— WHAT YOU WILL DO —
From the first line of the data below through the line holding "UROCZA POSREBRZANA BROSZKA", output each line exactly and leave the pictures out.

— RAW DATA —
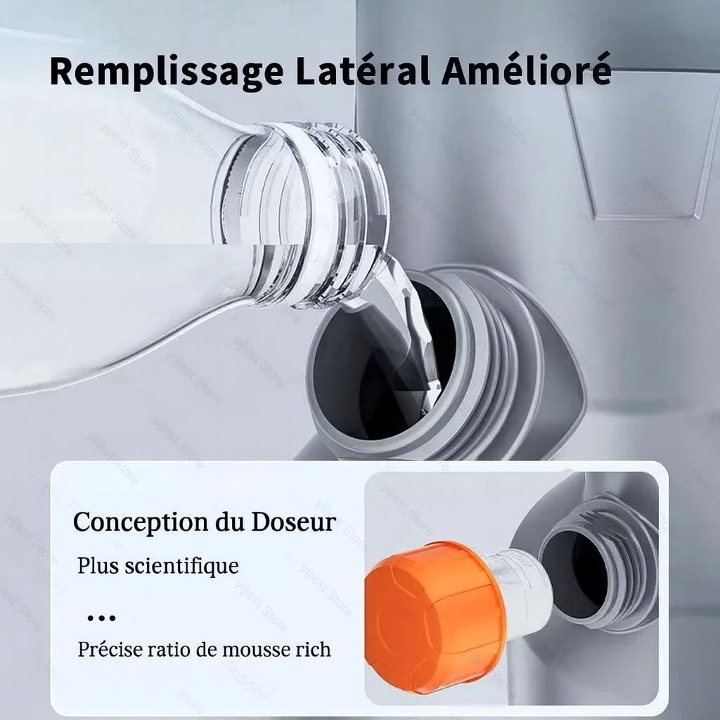 - Diffusion fine pour une mousse riche et homogène avec moins de savon.
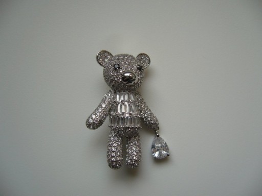 UROCZA POSREBRZANA BROSZKA MIŚ , ZDOBIONA SZKLANYMI CYRKONIAMI
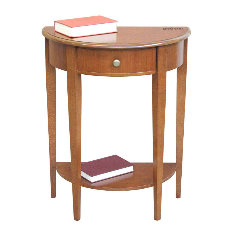 Schwarzer Konsolentisch 2 Schubladen, sehr schön mit einer profilierten Linie.Die Struktur ist schlicht und elegant, perfekt für jede Wohneinrichtung, z.B. mit einem Spiegel, einem Bild, usw.Das Möbel hat 2 Schubladen. Der Farbton ist auf dem Bild Schwarz antik: die Basis ist aus Kirschholz, dann wird die Schwarzlackierung gemacht und danach ist die Schleifung des Farbtons der Möbelkanten. Das Möbel ist also Schwarz und auch Kirschholz in den Kanten und im Inneren.Schwarzer Konsolentisch 2 Schubladen ideal für Wohnzimmer, Flur, Wartehalle, usw.Bei der Lieferung ist es schon montiert.Maße:Breite 96 cm;Höhe 80,5 cm;Tiefe 41 cm.
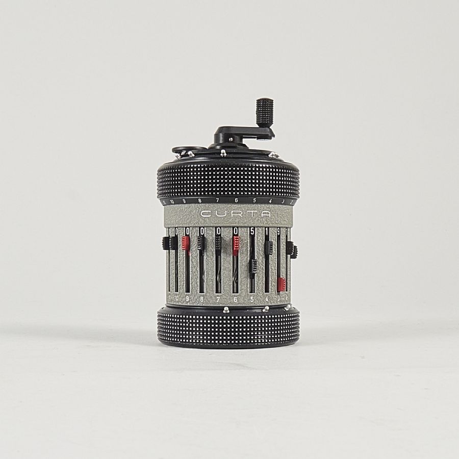 Curta Typ 2, Curt Herzstark, Lichtenstein. Höjd: 12 cm
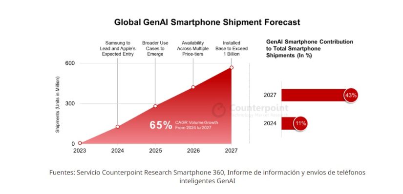 Según el informe «GenAI Smartphone Shipments and Insights» elaborado por la consultora especializada Counterpoint Research, que eleva las estimaciones respecto a las previstas en diciembre de 2023, cuando Samsung no había presentado todavía su S24, la introducción de la IA generativa aumentará las ventas de los smartphones el 11% en 2024 y se cuatriplicará hasta llegar al 43% en 2027, cuando se prevé que supere los 550 millones de unidades, y el informe apunta a que la IA esté instalada ya en mil millones de móviles para ese año.
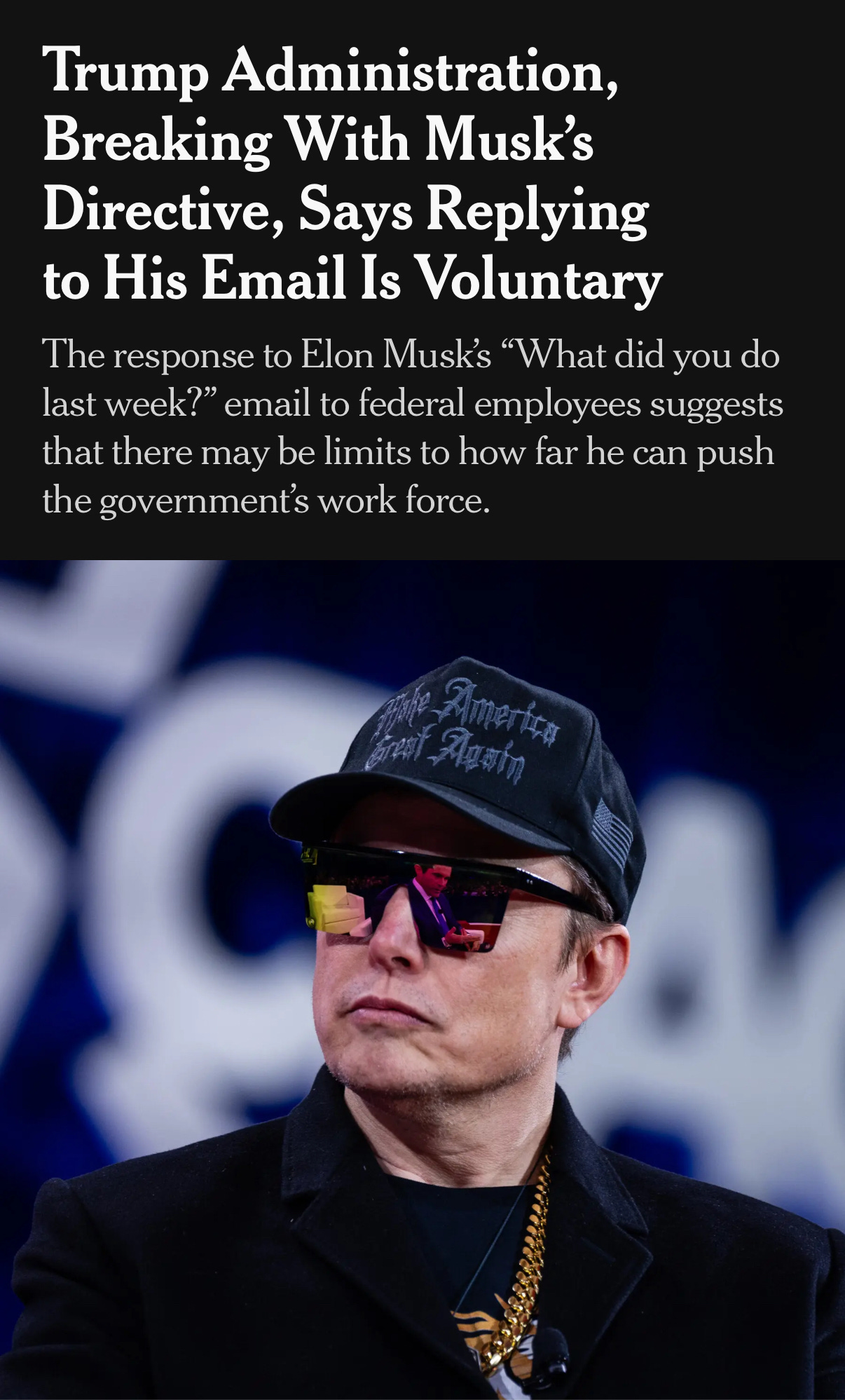 Yesterday, multiple Trump administrators, even Trump loyalists like Gabbard and Patel, pushed back against Musk, directly countermanding his recent email to government staff:
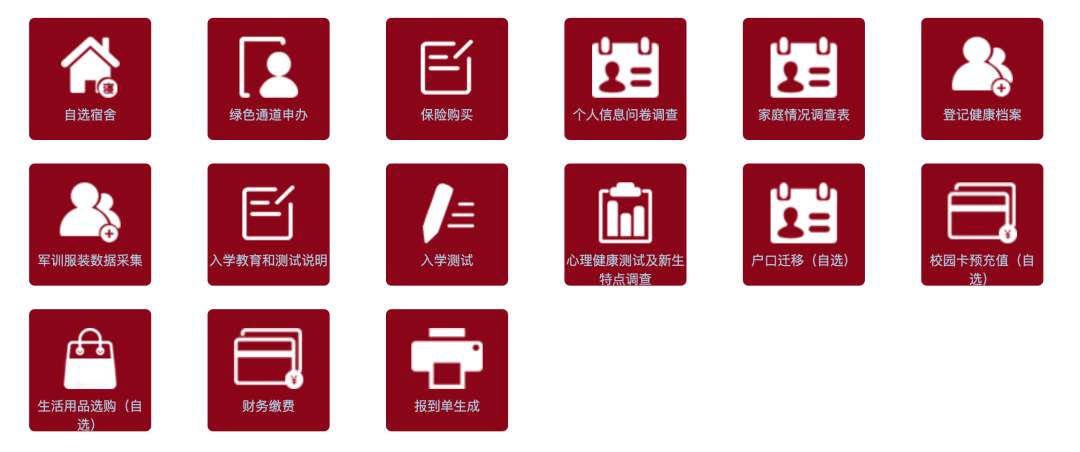 登录系统后即进入自助报到环节。办理财务缴费流程前,须先完成自选宿舍、绿色通道申办、保险购买和生活用品选购4项流程,其他流程办理无先后顺序要求。数字迎新系统中的手续无需一次性办完,新生可以分多次登录系统办理。
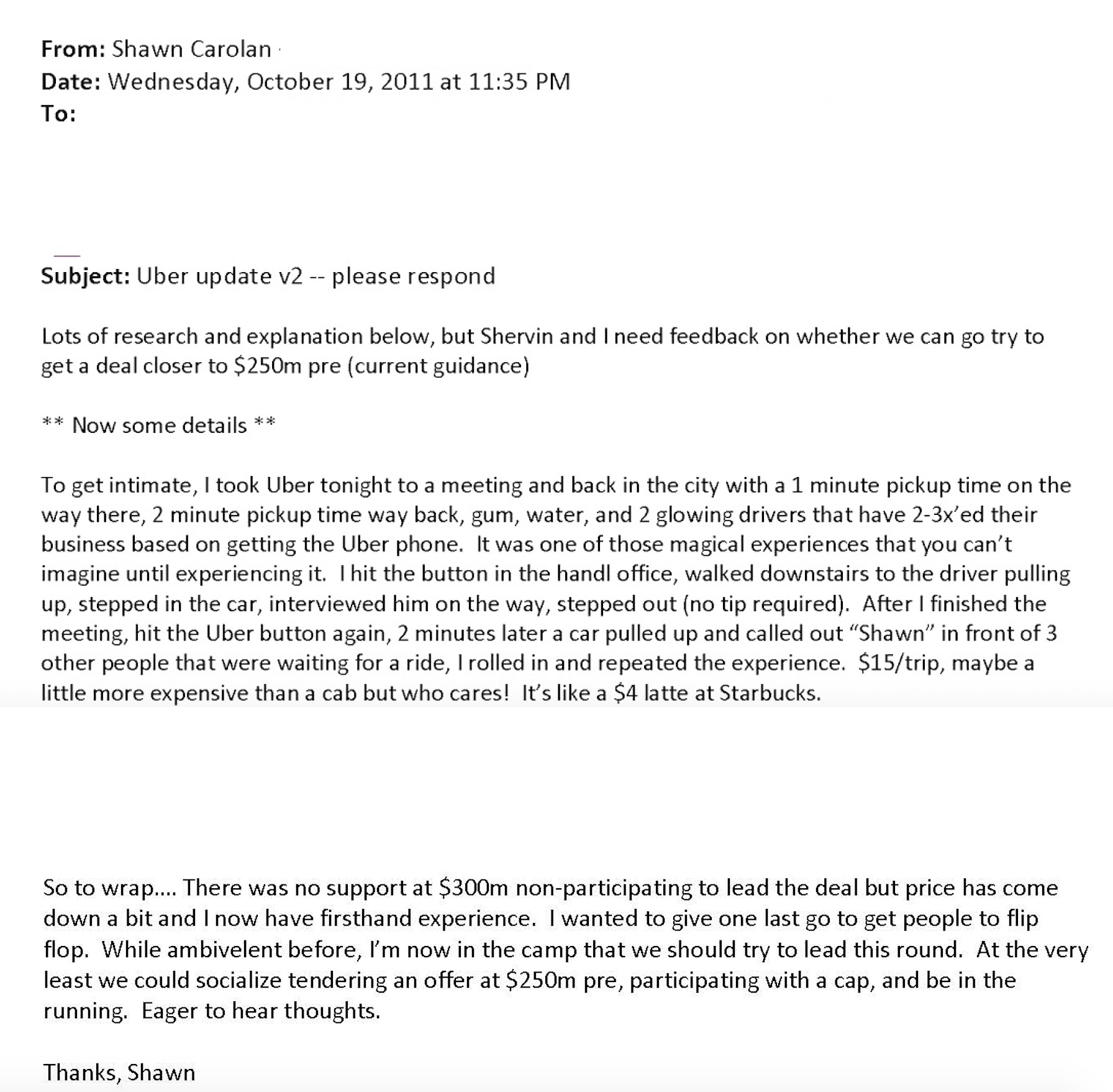 Meanwhile, Carolan was heads down, benchmarking Uber against other tech companies, completing a thorough unit economics analysis and hoping his colleagues wouldn’t be disappointed by the Uber investment, a point of contention among certain Menlo staffers who viewed Uber as a limo dispatch company with an app, not the next billion-dollar business.
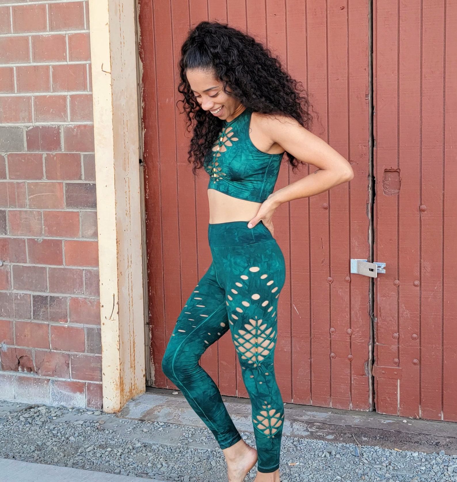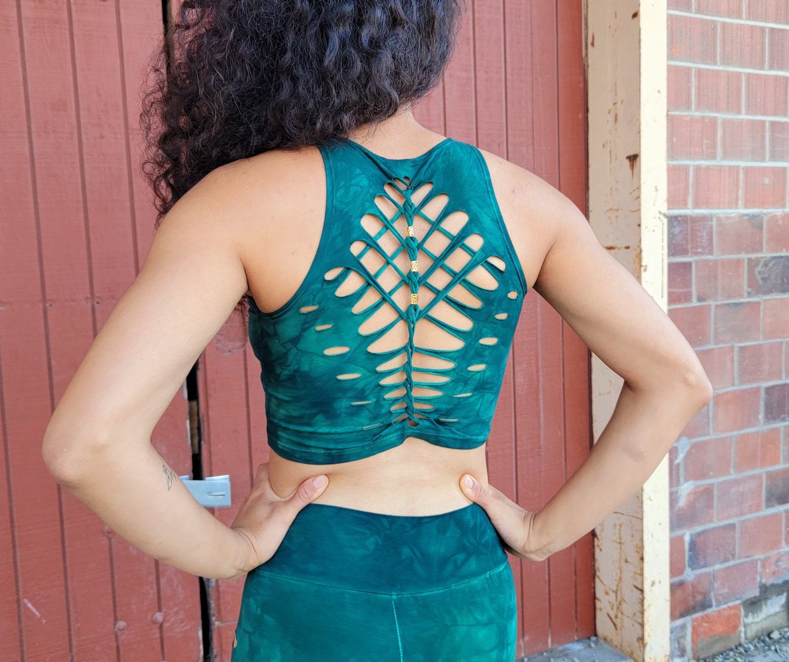 Blue Green Crop Top Hand Dyed Yoga Slit Weave Fire Hula Hoop Elevate Your Flow with Vibrant Style
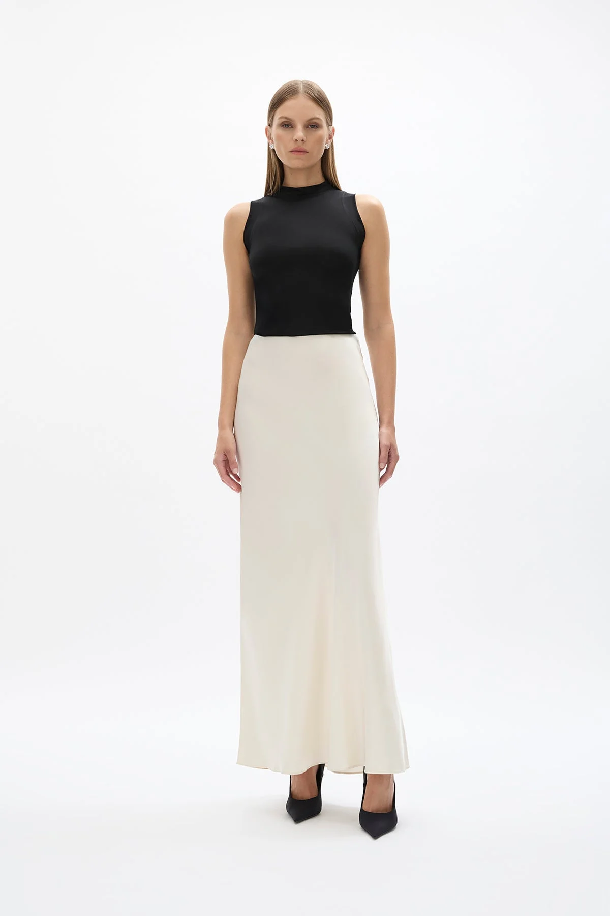A full-length skirt cut on the bias, featuring a back zip closure. A timeless staple for any wardrobe. - This is a slim relaxed fitting silhouette - No stretch fabric - Semi sheer - This features a fixed waistband - This silhouette runs true to size - We recommend taking your waist measurements in to consideration when selecting your size Size and Fit Runs true to size, we recommend taking your usual size. Model is 5'9 and wears a Rachel Gilbert Size 1 [AU/UK 8 | US 4] Fabrication Silk Satin 100% Silk Care Dry Clean Only See sewn in label for further care instructions
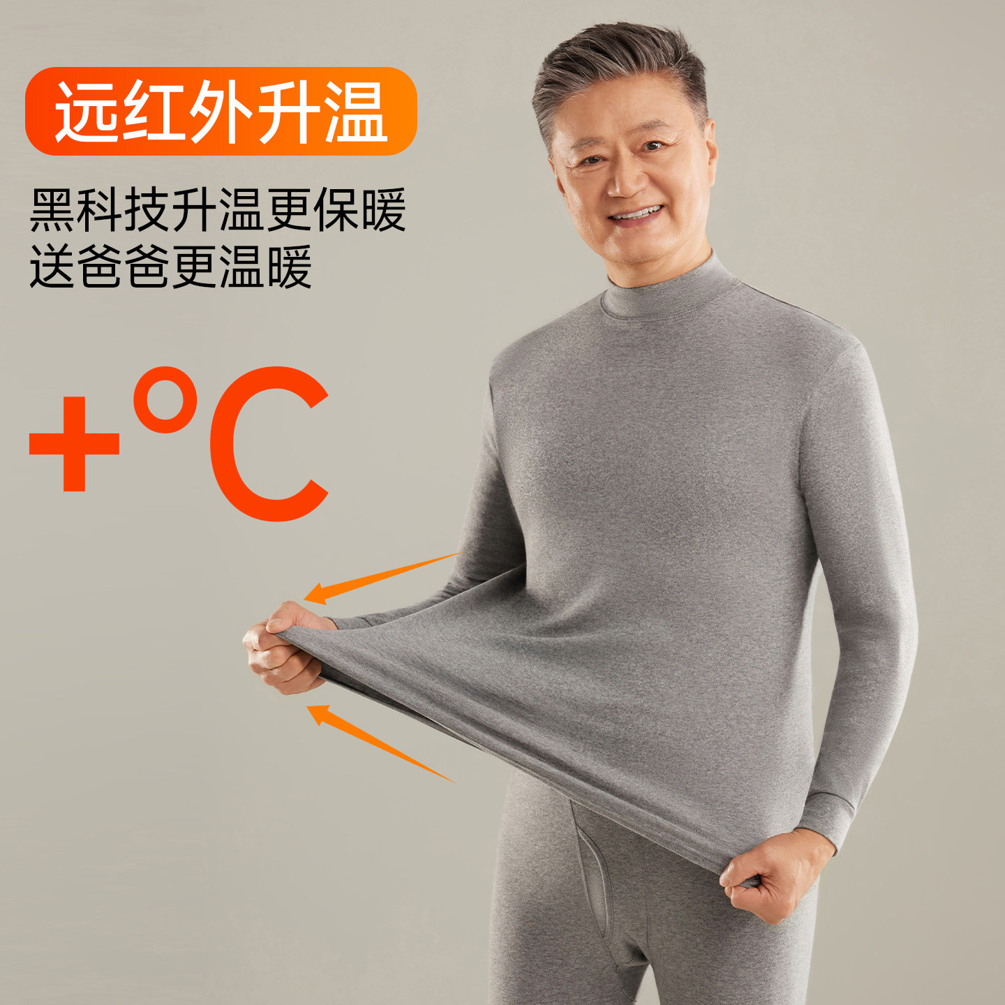 中高领保暖内衣男士加绒加厚套装大码德暖绒秋衣秋裤打底棉毛衫冬
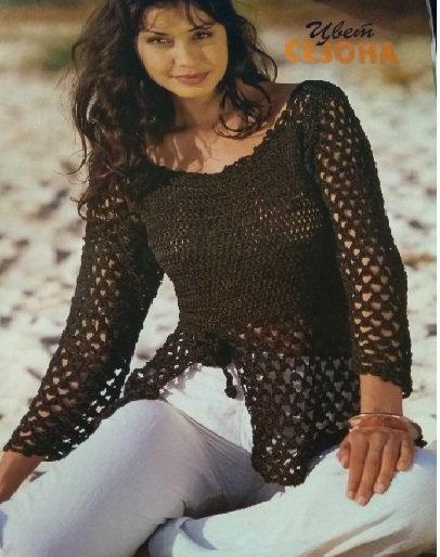 Ажурный пуловер связанный крючком послужит украшением для представительниц женского пола. Он нежный и изящный благодаря рисунку из воздушных петель. Красиво выполнена горловина изделия, она подчеркнет изгиб шеи. Пуловер украшает цветок на поясе придавая фигуре женственности. Простое описание работы, предоставленная схема и выкройка поможет вам выполнить работу без особых трудностей. Вам потребуется: 450 (500) 550 г коричневой пряжи Goby (65% хлопка, 35% вискозы); крючок № 4,5. Плотность вязания Основной узор: 13 п. и 7,5 р. = 10 Х 10 см. Ажурный узор: 13 наборных п. и 6, 5 р. = 10 Х 10 см. Основной узор - столбики с накидом. Первый ст. с/н каждого ряда заменяют на 3 воздушные петли подъема. Ажурный узор Набрать количество петель кратных 3 + 1 + 1 воздушная петля подъема. Вязать по схеме приведенной ниже. Каждый ряд начинать с одной или трех воздушных петель подъема (вместо 1-го ст. б/н или 1-го ст. с/н и петель перед рапортом). Рапорт повторять до конца вязки. Заканчивать петлями п
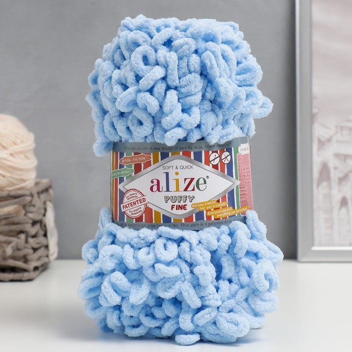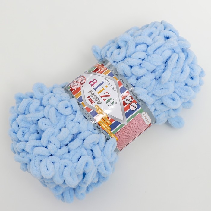 Пряжа "Puffy fine" 100% микрополиэстер 14,5м/100г (218 голубой)
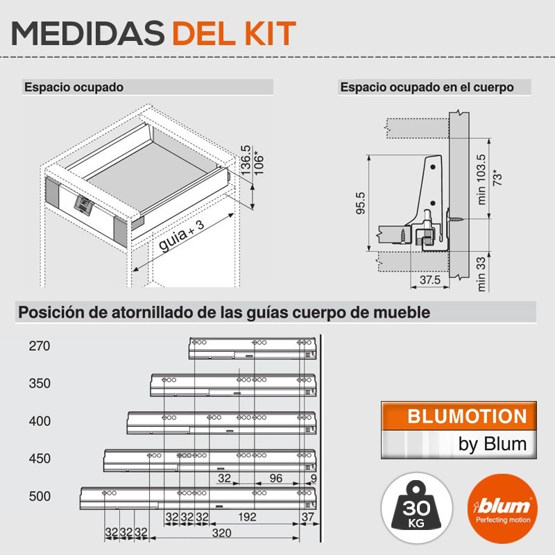 Importante: a gaveta completa com base em melamina está pronta para ser instalada em móveis de 16 mm de espessura.

— REPLY —
 - Diffusion fine pour une mousse riche et homogène avec moins de savon.
 UROCZA POSREBRZANA BROSZKA MIŚ , ZDOBIONA SZKLANYMI CYRKONIAMI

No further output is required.